= Tensin =

Tensin was first identified as a 220 kDa multi-domain protein localized to the specialized regions of plasma membrane called integrin-mediated focal adhesions (which are formed around a transmembrane core of an αβ integrin heterodimer). Genome sequencing and comparison have revealed the existence of four tensin genes in humans. These genes appear to be related by ancient instances of gene duplication.

Tensin binds to actin filaments and contains a phosphotyrosine-binding (PTB) domain at the C-terminus, which interacts with the cytoplasmic tail of β integrins. These interactions allow tensin to link actin filaments to integrin receptors. Several factors induce tyrosine phosphorylation of tensin. Thus, tensin functions as a platform for assembly and disassembly of signaling complexes at focal adhesions by recruiting tyrosine-phosphorylated signaling molecules, and also by providing interaction sites for other proteins. Haynie, by contrast, argues in a review of tensin structure and function that experimental evidence for the specific association of tensin with actin filaments is inconclusive at best. Recent work has also demonstrated TNS3 and TNS4 to exhibit force-dependent recruitment to keratin network in epithelial cells, highlighting its novel role in mechanotransduction. It is beyond reasonable doubt, however, that tensin 1, tensin 2 and tensin 3 each contains a protein tyrosine phosphatase (PTP) domain near the N-terminus. The PTP domain is unlikely to be active in tensin 1, owing to mutation of the essential nucleophilic cysteine in the signature motif to asparagine. Nevertheless, phosphatidylinositol-3,4,5-trisphosphate 3-phosphatase, the well-studied tumor suppressor that is better known as PTEN, gets its name from homology with PTPs and tensin 1. More detailed structure comparisons have revealed that tensins 1-3, PTEN, auxilin and other proteins in animals, plants and fungi comprise a PTP-C2 superdomain. An integrated PTP domain and C2 domain, the PTP-C2 superdomain came into existence over 1 billion years ago and has functioned as a single heritable unit since then.
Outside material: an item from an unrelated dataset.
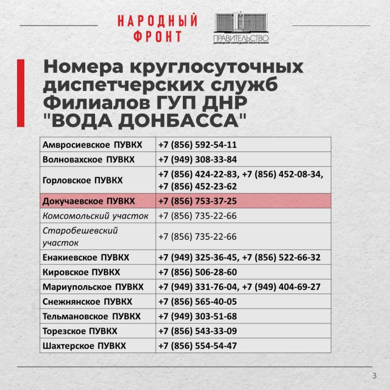 В часто поступают вопросом о месторасположении бочек в районах. Совместно с государственным предприятием "Вода Донбасса" подготовили карточки с номерами телефонов, по которым круглосуточно можно получить актуальную информацию.

The first tensin cDNA sequence was isolated from chicken. Analysis of knockout mice has demonstrated critical roles of tensin in renal function, muscle regeneration, and cell migration. Evidence is now emerging to suggest tensin is an important component linking the ECM, the actin cytoskeleton, and signal transduction. Therefore, tensin and its downstream signaling molecules may be targets for therapeutic interventions in renal disease, wound healing and cancer.